▶ Your instructions
Below are records that contain pictures; transcribe the text exactly and omit the pictures.
--- Excerpted records Enclosed Below ---
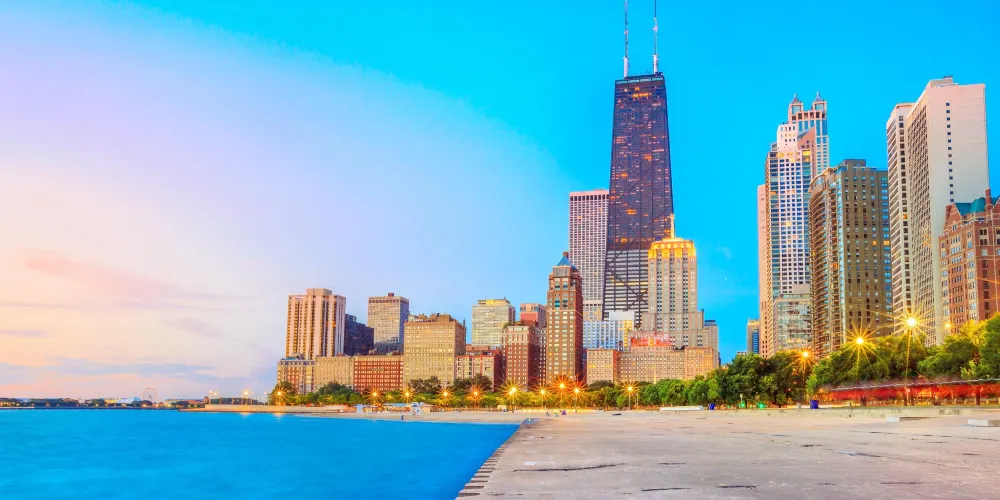 約翰漢考克中心位於芝加哥密歇根大街一側,又稱“芝加哥360°”。是由結構工程師法茲勒汗所設計。在大樓的94樓設有觀景台,能飽覽芝加哥和密歇根湖的景色。約翰漢考克中心目前是世界高塔聯盟的成員之一,其具特色的建築因而獲得多次獎項。其中包括1999年5月,由美國建築師學會所頒發的25年成就獎。
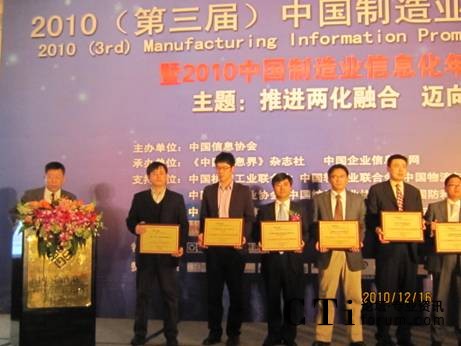CTI論壇(ctiforum)12月27日消息(記者 潘婷婷):12月16日,由中國信息協(xié)會(huì)聯(lián)合我國十幾家制造業(yè)行業(yè)協(xié)會(huì)共同舉辦的“2010(第三屆)中國制造業(yè)信息化推進(jìn)大會(huì)暨中國制造業(yè)信息化年度頒獎(jiǎng)盛典”在北京成功舉行。中國信息協(xié)會(huì)會(huì)長盧時(shí)徹、中國機(jī)械工業(yè)聯(lián)合會(huì)特別顧問、國家信息化專家咨詢委員會(huì)委員朱森第、工業(yè)和信息化部信息化推進(jìn)司安筱鵬等領(lǐng)導(dǎo)出席此次活動(dòng)并發(fā)表演講。會(huì)上,八百客獲得“2010年度CRM領(lǐng)軍企業(yè)”大獎(jiǎng),至此,八百客已經(jīng)斬獲“中國云計(jì)算領(lǐng)軍企業(yè)”和“CRM領(lǐng)軍企業(yè)”雙料大獎(jiǎng),為2010年畫上了圓滿的句號(hào)。
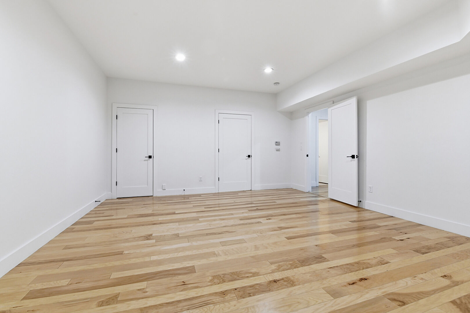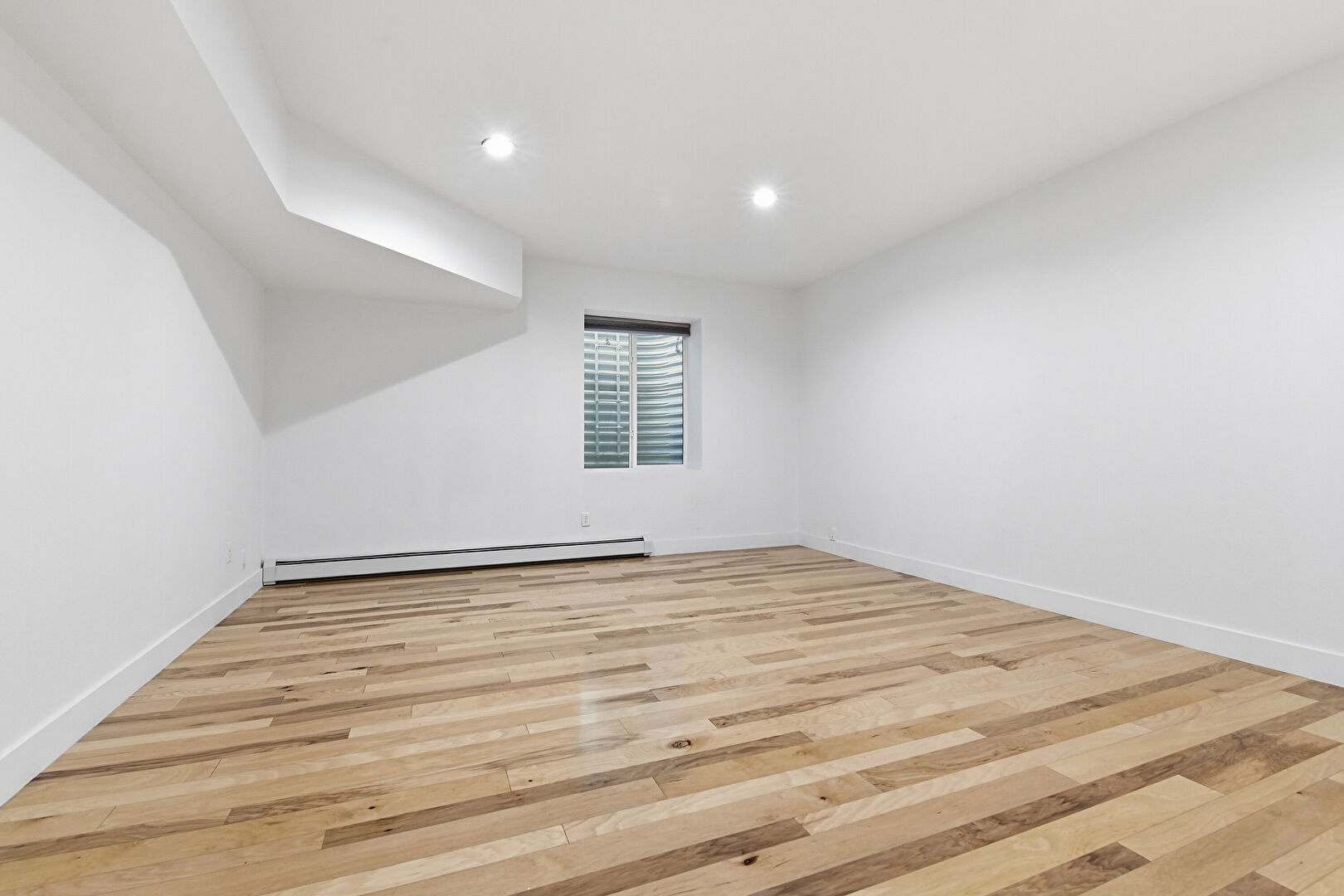 Baseboard Radiator, Baseboards Wall, Basement, Natural Light, Recessed Lighting, Wood Finish Floor, Drywall
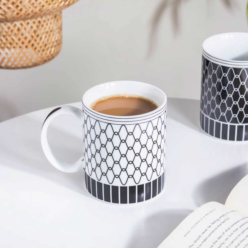 The black abstract lines on the white base of the ceramic mug makes it a spectacular piece of crockery to savour the first cup of morning tea or coffee. Available in four variants, all of them can be combined to make a birthday hamper for a dear one. This sturdy and durable cup can be paired with a white ramekin bowl or a ceramic snack bowl to serve munchies and fries along with the warm beverage.
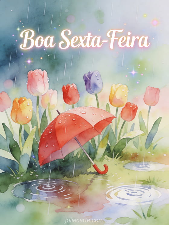Compartilhe uma suave e fresca saudação chuvosa de sexta-feira com tulipas brilhantes e um guarda-chuva vermelho. Descubra também uma paisagem natureza boa sexta-feira ou uma mensagem feliz sexta-feira cartão.
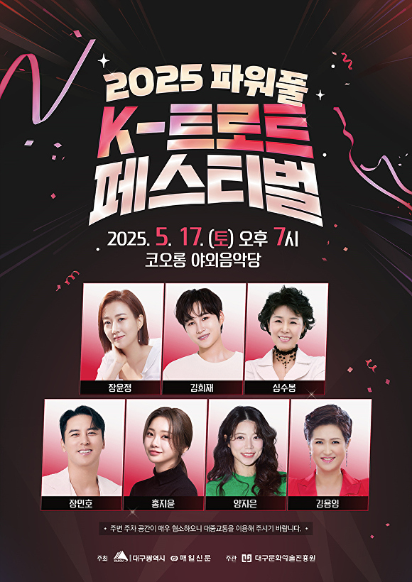 [아이뉴스24 이창재 기자] 대구광역시는 오는 17일 오후 7시, 코오롱야외음악당에서 ‘2025 파워풀 K-트로트 페스티벌’을 개최한다고 11일 밝혔다.
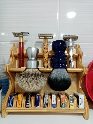 Достаточно жёсткий для массажа, но не грубый помазок. Подхомячивает пену (удерживает в себе значительные объёмы, не сразу отдавая на лицо), поэтому расход мыла будет повыше, чем с синтетикой. С кремами для бритья мало совместим из-за расхода (может всосать четверть тюбика и нагло улыбаться) — только с мылами. Попался экземпляр с незначительным скрытым деффектом (можно сказать, что это моя чрезмерная придирчивость) — продавец без пререканий предложил выслать других товаров на сумму даже чуть больше, чем стоил помазок. Удивительная клиентоориентированность! Очень приятно! Первые разы выпадали ворсинки, потом выпадение прекратилось. Порошок для бритья делаю из хозяйственного мыла без химических добавок, измельчая его на кофемолке и добавляя до 20% картофельного крахмала. Мыло без добавок трудно найти, но можно. Этот помазок рекомендую иметь в паре с синтетическим "волком" и чередовать. Пышный король — так его можно назвать. Не для каждого дня, а для ритуального выходного бритья. Спасибо!
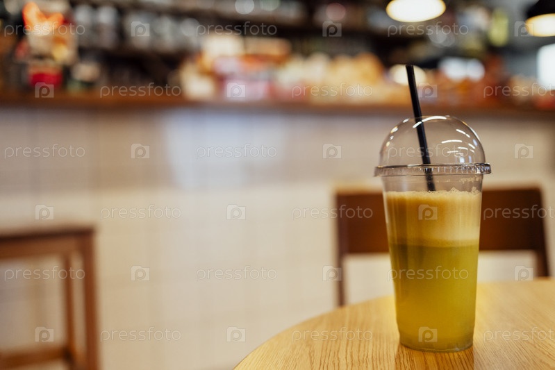 Вкусный зеленый коктейль с белой пеной в прозрачной пластиковой чашке и соломинкой на деревянном столе в кафе
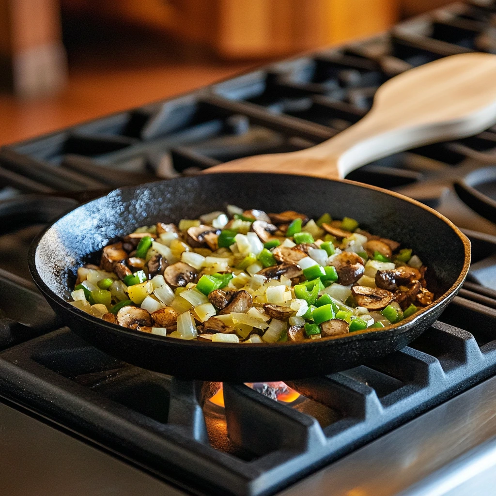 4️⃣ Heat a drizzle of oil or a small amount of butter in a skillet over medium-high heat. Sauté the onion, green bell pepper, and mushrooms for 5 to 7 minutes until softened and lightly caramelized.
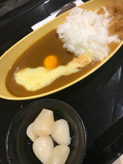 夫はあご出汁カレーにチータマトッピングにらっきょまでつけていました。
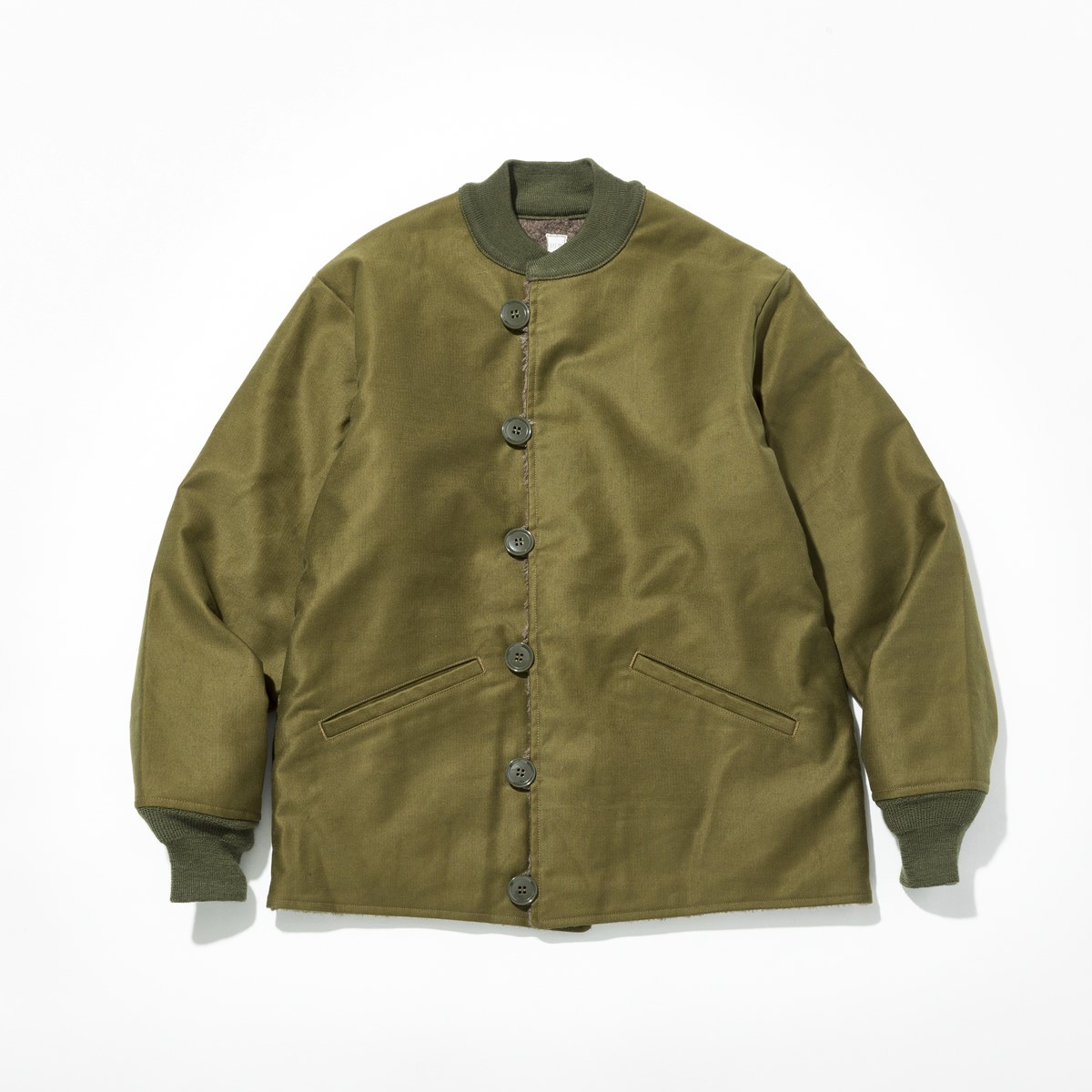 ヴィンテージでも人気の高いM-43ライナーをデザインソースに、ジャングルクロスやアルパカ混パイルで仕立てた逸品。N-1デッキジャケットと同じ素材を使っているため保温性も抜群で、気軽に羽織れるアウターとなっている。
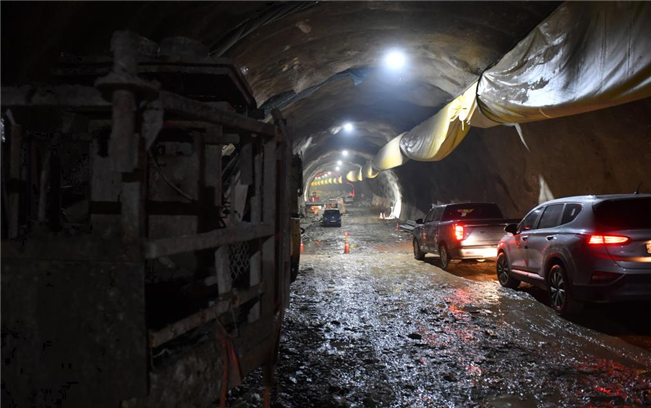 ▲지난달 25일 발생한 부산 '만덕~센텀 대심도 도시고속화도로' 지하 건설현장 내 토사유출 현장 전경. 부산시 제공 |
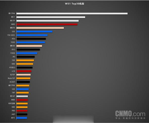 【CNMO科技消息】12月26日,数码博主“智慧芯片案内人”发布2025年第51周手机销量TOP30。CNMO注意到,在该榜单中,旗舰机型共有8款上榜。其中,苹果有4款,华为有2款,小米有1款,vivo有1款。
--- End of Enclosed Excerpted records ---
▶ Response to the exercise
 約翰漢考克中心位於芝加哥密歇根大街一側,又稱“芝加哥360°”。是由結構工程師法茲勒汗所設計。在大樓的94樓設有觀景台,能飽覽芝加哥和密歇根湖的景色。約翰漢考克中心目前是世界高塔聯盟的成員之一,其具特色的建築因而獲得多次獎項。其中包括1999年5月,由美國建築師學會所頒發的25年成就獎。
CTI論壇(ctiforum)12月27日消息(記者 潘婷婷):12月16日,由中國信息協(xié)會(huì)聯(lián)合我國十幾家制造業(yè)行業(yè)協(xié)會(huì)共同舉辦的“2010(第三屆)中國制造業(yè)信息化推進(jìn)大會(huì)暨中國制造業(yè)信息化年度頒獎(jiǎng)盛典”在北京成功舉行。中國信息協(xié)會(huì)會(huì)長盧時(shí)徹、中國機(jī)械工業(yè)聯(lián)合會(huì)特別顧問、國家信息化專家咨詢委員會(huì)委員朱森第、工業(yè)和信息化部信息化推進(jìn)司安筱鵬等領(lǐng)導(dǎo)出席此次活動(dòng)并發(fā)表演講。會(huì)上,八百客獲得“2010年度CRM領(lǐng)軍企業(yè)”大獎(jiǎng),至此,八百客已經(jīng)斬獲“中國云計(jì)算領(lǐng)軍企業(yè)”和“CRM領(lǐng)軍企業(yè)”雙料大獎(jiǎng),為2010年畫上了圓滿的句號(hào)。
 Baseboard Radiator, Baseboards Wall, Basement, Natural Light, Recessed Lighting, Wood Finish Floor, Drywall
 The black abstract lines on the white base of the ceramic mug makes it a spectacular piece of crockery to savour the first cup of morning tea or coffee. Available in four variants, all of them can be combined to make a birthday hamper for a dear one. This sturdy and durable cup can be paired with a white ramekin bowl or a ceramic snack bowl to serve munchies and fries along with the warm beverage.
Compartilhe uma suave e fresca saudação chuvosa de sexta-feira com tulipas brilhantes e um guarda-chuva vermelho. Descubra também uma paisagem natureza boa sexta-feira ou uma mensagem feliz sexta-feira cartão.
 [아이뉴스24 이창재 기자] 대구광역시는 오는 17일 오후 7시, 코오롱야외음악당에서 ‘2025 파워풀 K-트로트 페스티벌’을 개최한다고 11일 밝혔다.
 Достаточно жёсткий для массажа, но не грубый помазок. Подхомячивает пену (удерживает в себе значительные объёмы, не сразу отдавая на лицо), поэтому расход мыла будет повыше, чем с синтетикой. С кремами для бритья мало совместим из-за расхода (может всосать четверть тюбика и нагло улыбаться) — только с мылами. Попался экземпляр с незначительным скрытым деффектом (можно сказать, что это моя чрезмерная придирчивость) — продавец без пререканий предложил выслать других товаров на сумму даже чуть больше, чем стоил помазок. Удивительная клиентоориентированность! Очень приятно! Первые разы выпадали ворсинки, потом выпадение прекратилось. Порошок для бритья делаю из хозяйственного мыла без химических добавок, измельчая его на кофемолке и добавляя до 20% картофельного крахмала. Мыло без добавок трудно найти, но можно. Этот помазок рекомендую иметь в паре с синтетическим "волком" и чередовать. Пышный король — так его можно назвать. Не для каждого дня, а для ритуального выходного бритья. Спасибо!
 Вкусный зеленый коктейль с белой пеной в прозрачной пластиковой чашке и соломинкой на деревянном столе в кафе
 4️⃣ Heat a drizzle of oil or a small amount of butter in a skillet over medium-high heat. Sauté the onion, green bell pepper, and mushrooms for 5 to 7 minutes until softened and lightly caramelized.
 夫はあご出汁カレーにチータマトッピングにらっきょまでつけていました。
 ヴィンテージでも人気の高いM-43ライナーをデザインソースに、ジャングルクロスやアルパカ混パイルで仕立てた逸品。N-1デッキジャケットと同じ素材を使っているため保温性も抜群で、気軽に羽織れるアウターとなっている。
 ▲지난달 25일 발생한 부산 '만덕~센텀 대심도 도시고속화도로' 지하 건설현장 내 토사유출 현장 전경. 부산시 제공 |
 【CNMO科技消息】12月26日,数码博主“智慧芯片案内人”发布2025年第51周手机销量TOP30。CNMO注意到,在该榜单中,旗舰机型共有8款上榜。其中,苹果有4款,华为有2款,小米有1款,vivo有1款。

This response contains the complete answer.